CIPIKA-cipiki di masa penyebaran virus corona menjadi dilema baru, terutama di benua biru, Eropa. Di Eropa Utara yang menjaga tradisi, kekhawatiran haruskah mereka melupakan tradisi berjabat tangan yang sakral itu bergulir.
Komisaris khusus pemerintah untuk virus corona di Italia, Angelo Borrelli mengungkapkan, Italia bisa berkontribusi pada penyebaran virus tersebut, sampai saat ini setidaknya ada lebih dari 1.000 orang yang positif Covid-19 dengan 29 kematian, yang hampir semuanya berada di bagian utara Italia.
Hanya saja, seperti dikutip dari AP, belum ada kebijakan resmi tentang kebiasaan sosial di sana. Sosiolog mengungkapkan hal ini berakar pada budaya Mediterania Italia serta struktur keluarga dan sosialnya yang kuat.
“Kami memiliki kehidupan sosial kolektif yang sangat luas dan ekspansif. Kami memiliki banyak kontak, berjabat tangan, saling mencium, dan saling berpelukan,” kata Borelli, “Mungkin lebih baik pada periode ini untuk tidak berjabat tangan, dan tak memiliki terlalu banyak kontak, mencoba sedikit kurang ekspansif, yang mana ini sangat berbeda dari saya biasanya.”
BACA JUGA:Â Virus Corona Masuk RI, MUI Ajak Umat Perbanyak Tobat dan Qunut Nazilah
Di Prancis, Menteri Kesehatan Olivier Veran menyarankan orang untuk mengurangi la bise, kebiasaan orang Prancis untuk memberikan salam dengan ciuman, kiss by, cipika-cipiki, ataupun berjabat tangan.
Di Spanyol, negara yang punya tradisi yag berakar kuat dengan ciuman pipi dalam pertukaran sosial dan profesional, kebiasaan ini masih berjalan.
Di Jerman, di mana anak-anak diajarkan berjabat tangan dengan orang dewasa dan kekuatan cengkeraman dianggap berkorelasi dengan kekuatan kepribadian, para ahli kesehatan dan dokter berusaha membujuk orang untuk keluar dari etika tradisional tersebut.
Di rumah sakit Virchow di Berlin, dokter tidak hanya berhenti berjabatan tangan dengan pasien mereka – bahkan yang tidak menular sekalipun.
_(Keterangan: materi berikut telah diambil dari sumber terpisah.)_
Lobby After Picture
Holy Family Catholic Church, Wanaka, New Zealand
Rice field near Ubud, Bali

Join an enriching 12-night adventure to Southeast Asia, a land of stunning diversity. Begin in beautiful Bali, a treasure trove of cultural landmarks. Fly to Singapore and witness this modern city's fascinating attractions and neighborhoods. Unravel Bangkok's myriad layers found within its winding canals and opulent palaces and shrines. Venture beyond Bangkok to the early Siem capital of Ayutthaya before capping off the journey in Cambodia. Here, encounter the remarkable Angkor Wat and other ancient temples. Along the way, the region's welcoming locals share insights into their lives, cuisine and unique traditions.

Para ahli kesehatan telah memperingatkan bahwa berjabatan tangan adalah cara utama untuk menyebarkan penyakit ini.
Giampaolo Nuvolati, seorang sosiolog perkotaan di University of Milan-Bicocca, Italia, mengatakan bahwa kebiasaan orang Italia untuk berciuman pipi alias cipika-cipiki adalah ekspresi kepercayaan yang tidak mungkin terguncang oleh virus. Tapi dia mengatakan sesuatu yang lebih mendasar mungkin berubah.
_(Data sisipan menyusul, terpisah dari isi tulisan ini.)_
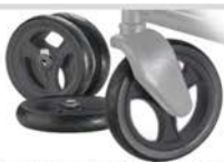
Comfort Wheels Soft (PUR) 814610 Set of 4

“Setelah ini berlalu, kami akan memahami bahwa kami tidak dapat menghadapi masalah sendirian, bahwa kami membutuhkan orang lain di luar keluarga dan teman dekat,” kata Nuvolati, “Ada komunitas, ada institusi. Mungkin itu akan menciptakan solidaritas yang lebih luas, tidak hanya terbatas pada teman dan keluarga.”
BACA JUGA:Â Virus Corona dan Karakter Manusia
Beberapa waktu lalu, Presiden Prancis Emmanuel Macron mencondongkan badan untuk memberikan ciuman pipi alias cipika-cipiki kepada Perdana Menteri Italia Giusseppe Conte, sebenarnya itu biasa dalam budaya Eropa. Macron bahkan melakukannya tak hanya sekali, tapi dalam dua kesempatan terpisah, selama KTT Franco-Italian di Naples, pekan ini.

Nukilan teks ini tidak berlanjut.